Ms Tang is worried about becoming stagnant in her current job and is willing to take a pay cut of 10 to 12 per cent to move into a new industry.

But Principle Partners' Mr Tan said there are some professionals who are also starting to regret their decisions to switch jobs, as their quality of life drops after doing so.

"Some are actually starting to feel the pain because inflation is going up," he said.

Many who leave their jobs also do so without proper financial planning for retirement - the Prudential survey found almost half (44 per cent) of the respondents were unprepared.

Mr Dennis Tan, chief executive of Prudential Singapore, said it has become even more important for those wanting to change work to consider their retirement plans before doing so, especially as Singaporeans are living longer and will need to accumulate an even bigger nest egg so they will not outlive their savings.

The problem is exacerbated by rising costs of living and healthcare expenses.

The Prudential survey found that more than seven in 10 respondents (73 per cent) rely on the savings in their Central Provident Fund (CPF) account as their main income source for retirement.

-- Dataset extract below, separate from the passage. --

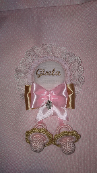 Ella se llama María del Mar y la podeis encontrar también en Facebook. Y cuando le entrego los chupetes hace estas medallas tan bonitas.
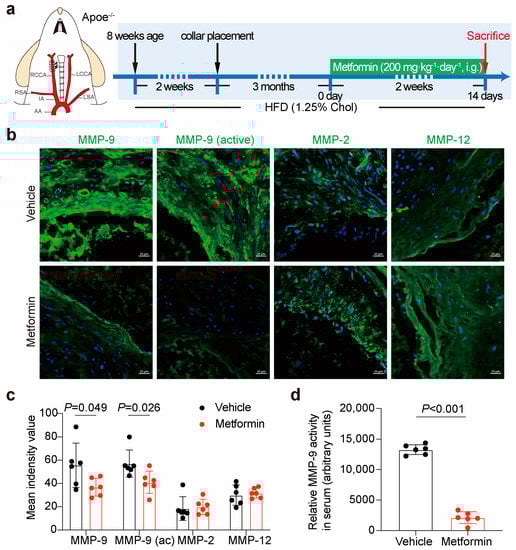 To further confirm whether metformin inhibits MMP-9 activity in vivo, we constructed a carotid artery plaque model in ApoE-/- mice (Figures S2 and S3) []. After a consecutive 14-day metformin treatment (200 mg·kg−1) by intragastric gavage (Figure 3a and Figure S4), we found that active MMP-9 and MMP-9 expression decreased in the plaque by immunofluorescence staining. However, metformin did not affect MMP-2/12 expression, which was reported to be related to plaque instability (Figure 3b,c). Moreover, the serum MMP-9 activity was detected using an MMP activity assay (Figure 3d). The results showed that metformin treatment inhibited local plaque and circulating MMP-9 activity.

Prudential's Mr Tan said it is important that Singaporeans diversify their retirement funds by putting their money into different financial instruments. This helps to spread risk and smooth out volatilities during challenging market conditions.

Ms Tang is looking into building enough retirement funds so she can sustain the lifestyle she wants when she retires.

She has savings and investment plans and is exploring the option of investing in Singapore savings bonds to diversify her retirement nest-egg.

"Regardless of how you plan, it is important to start planning early so you have a longer runway to grow your retirement funds," Prudential's Mr Tan said.